== INFORMATION SHOWN

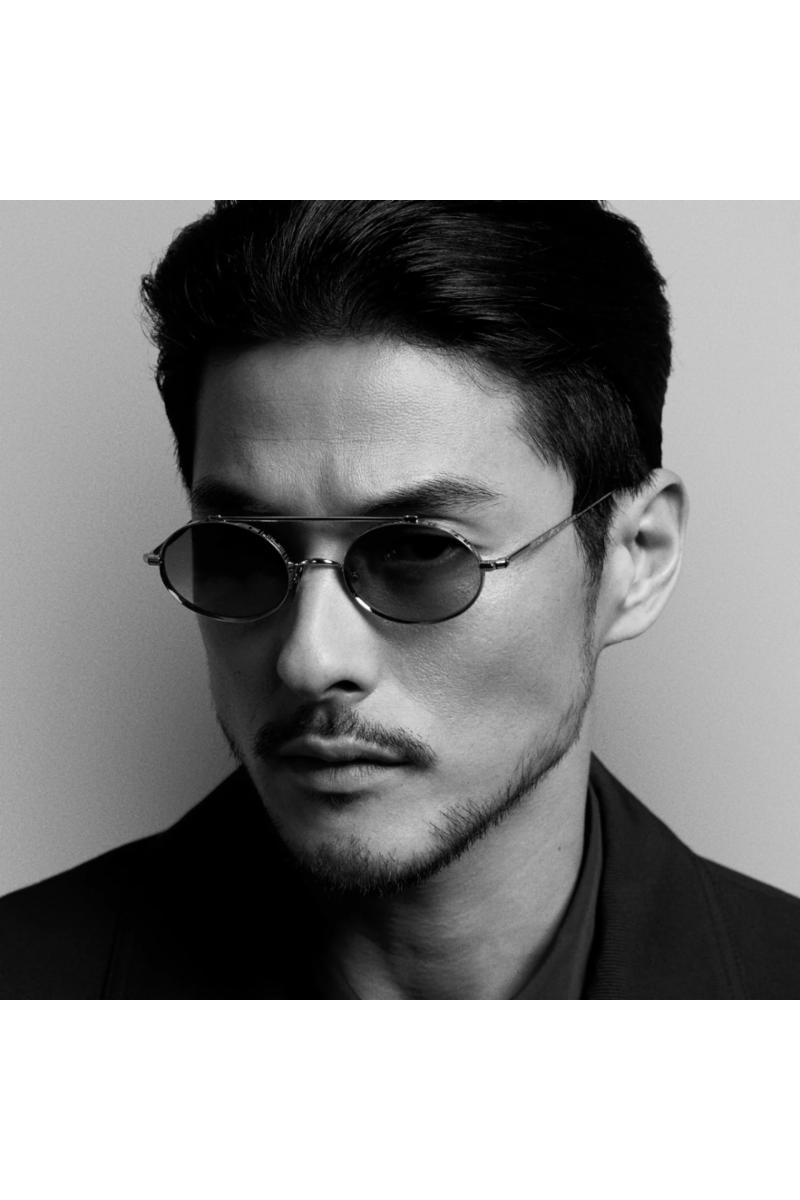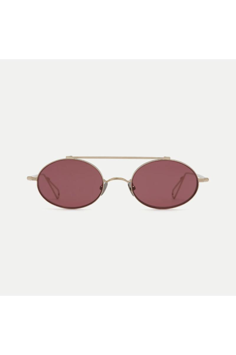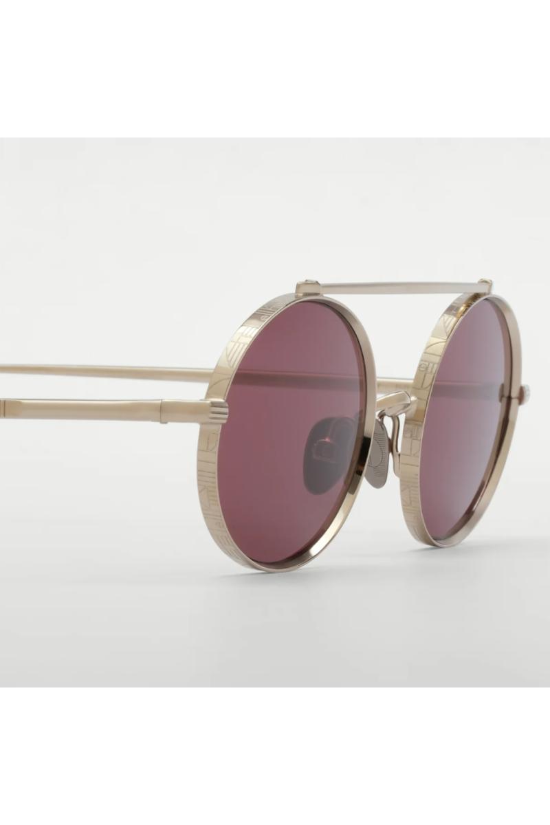 Oval solbrille i delikat metall fra Ahlem som balanserer myke former og rette linjer. På kanten av innfatningen er det inngraverte geometriske former, inspirert av Bauhaus.
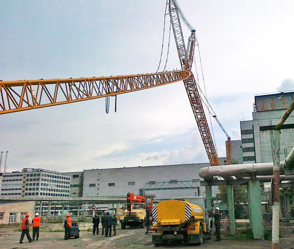 Технические характеристики крана DEMAG СС-8800-1 также выдающиеся – грузоподъемность составляет 1600 тонн. Длинна основной стрелы крана – 156 метров, длина дополнительной стрелы 108 м. Контроль за управлением крана (наблюдение за грузом, крюком и т.д.) осуществляется с помощью системы телекамер.
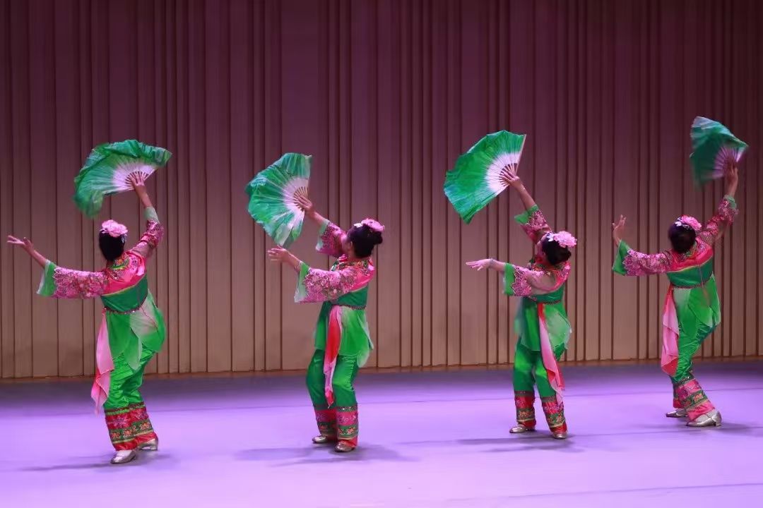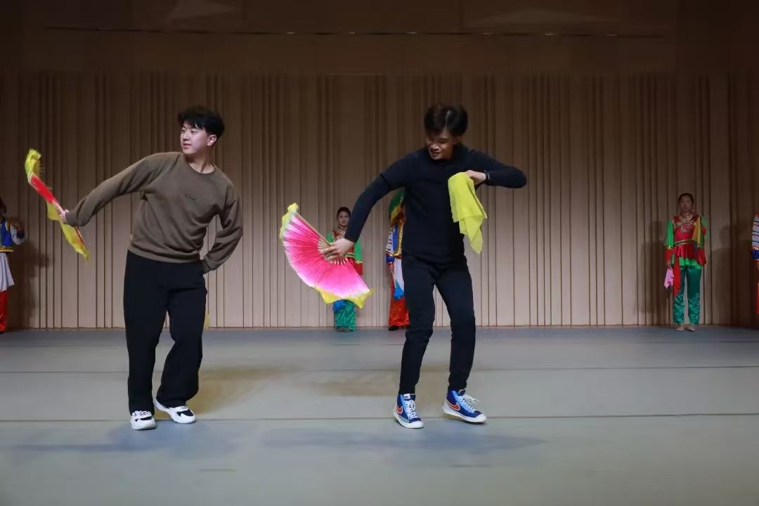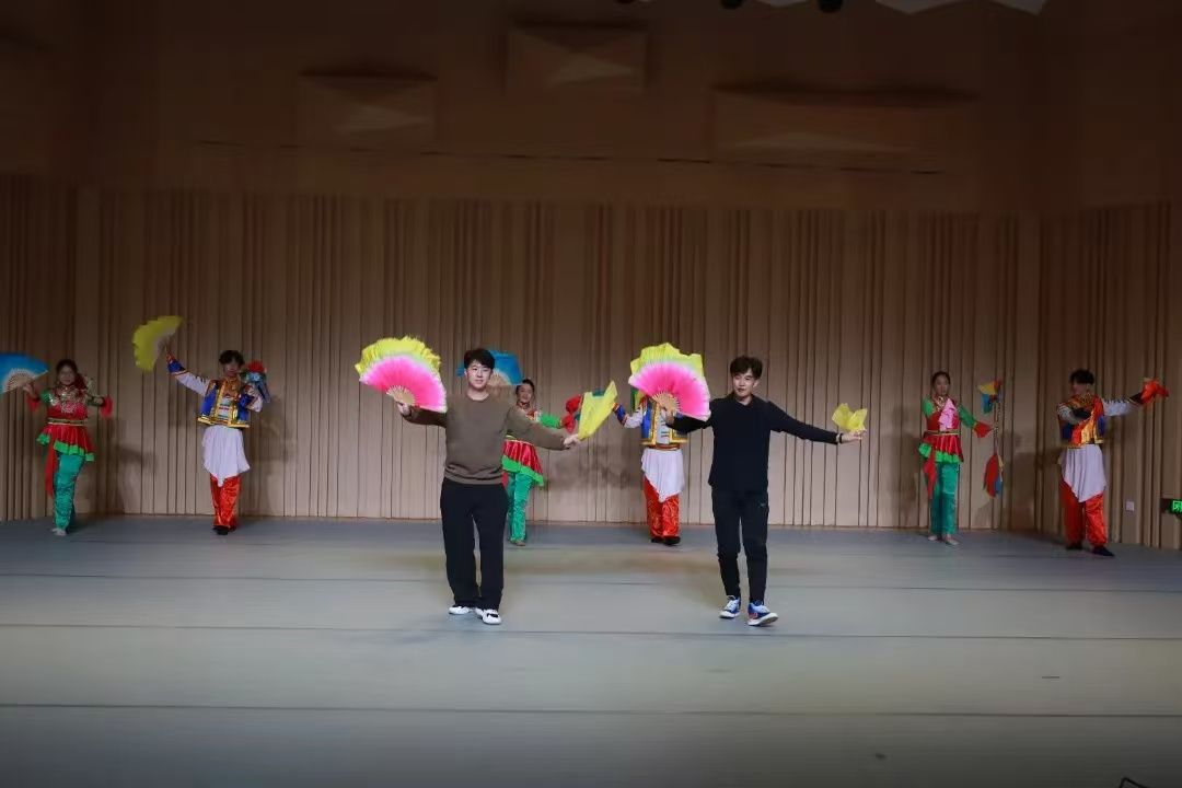 专题讲座结束后,井陉县南峪村拉花队身着绚烂夺目的服饰,手持彩扇与绸带,伴随着悠扬欢快的音乐,轻盈起舞,将井陉拉花的艺术魅力展现得淋漓尽致。他们精湛的舞技、默契的配合,赢得了现场师生的阵阵掌声与喝彩。这场非遗文化进校园活动不仅展示了井陉拉花的独特魅力,更让大家感受到传统文化的深厚底蕴与无限活力。

====

> AIM OF THE EXERCISE: Transcribe the listing in full. Omit the pictures and keep every line exact.

> OUTPUT FOR THIS EXERCISE:
 Oval solbrille i delikat metall fra Ahlem som balanserer myke former og rette linjer. På kanten av innfatningen er det inngraverte geometriske former, inspirert av Bauhaus.
 Технические характеристики крана DEMAG СС-8800-1 также выдающиеся – грузоподъемность составляет 1600 тонн. Длинна основной стрелы крана – 156 метров, длина дополнительной стрелы 108 м. Контроль за управлением крана (наблюдение за грузом, крюком и т.д.) осуществляется с помощью системы телекамер.
 专题讲座结束后,井陉县南峪村拉花队身着绚烂夺目的服饰,手持彩扇与绸带,伴随着悠扬欢快的音乐,轻盈起舞,将井陉拉花的艺术魅力展现得淋漓尽致。他们精湛的舞技、默契的配合,赢得了现场师生的阵阵掌声与喝彩。这场非遗文化进校园活动不仅展示了井陉拉花的独特魅力,更让大家感受到传统文化的深厚底蕴与无限活力。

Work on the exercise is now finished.